À pergunta direta de Jesus, “- Quer riqueza ou salvação?”, Moleza não titubeia e responde talqualmente João Soldado:
Quero que neste surrão
Tudo que eu mandar entrar
Entre no mesmo momento
Sem fugir nem recusar,
Seja coisa viva ou morta,
Só saia quando eu mandar.
Já em O ferreiro das três idades, de Natanael de Lima, a personagem principal tem o nome de Pobreza, o que pode ser interpretado como uma personificação ou mesmo uma alegoria, pois a cadela do ferreiro chama-se Miséria. Pobreza, como João Soldado, é contemporâneo de Jesus, que, sabendo do estado de penúria que vivia o ferreiro, vai visitá-lo. Pobreza o hospeda em sua casa, mas, como não possui uma cama sequer, Jesus dorme no chão.

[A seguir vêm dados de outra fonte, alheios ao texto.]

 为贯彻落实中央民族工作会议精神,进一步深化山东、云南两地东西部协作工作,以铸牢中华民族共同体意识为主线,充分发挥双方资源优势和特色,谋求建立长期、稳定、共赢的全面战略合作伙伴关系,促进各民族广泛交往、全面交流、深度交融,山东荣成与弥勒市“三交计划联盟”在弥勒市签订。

No outro dia, respondendo às queixas e pedidos de desculpas do ferreiro, o divino mestre assim se reporta:
... Pobreza,
É triste a tua missão!
Então pede-me três coisas,
Que darei de coração –
Diz-me se queres riqueza,
Vida longa e salvação.
Como os antecessores, Pobreza renega a salvação e a riqueza, mas fará três pedidos que serão cruciais, quando, num futuro embate com o Diabo, conseguirá as três idades a que o título alude. O primeiro pedido:
Pobreza disse: - Eu não quero
Essa tua salvação –
Quero é que quem se sentar
Aqui neste meu pilão
Só possa se levantar
Com minha autorização.
No segundo pedido, ele descarta a riqueza:
- Riqueza também não quero
Que me acostumei pedir –
Quero que naquele pau,
A pessoa que subir
Dele só possa descer
Quando eu manda-lo sair!
Jesus então aconselha-o a pedir mais anos de vida, mas ele reluta novamente:
- Senhor, eu também não quero
Que aumente mais a minha vida –
Quero é que quem penetrar
No meu quarto de dormida
Fique lá preso até quando
Eu der ordem de saída.
Em Jesus, São Pedro e o ferreiro rei dos jogadores, de Manoel Caboclo e Silva, há o mesmo motivo de hospedagem das duas personagens sagradas e o pagamento que, dada a escolha (“ser o rei dos jogadores/ ou ganhar a salvação”), levanta a mesma questão da eterna luta entre o espiritual e o material, o cósmico e o telúrico. O ferreiro, obviamente, preferirá ser o rei dos jogadores e se valerá deste dom para derrotar o Diabo. Pois bem, agora que conhecemos os mesmos motivos – uma dádiva milagrosa – e tipo – o homem que troca a salvação pela possibilidade de se destacar entre os vivos – voltemos a João Soldado.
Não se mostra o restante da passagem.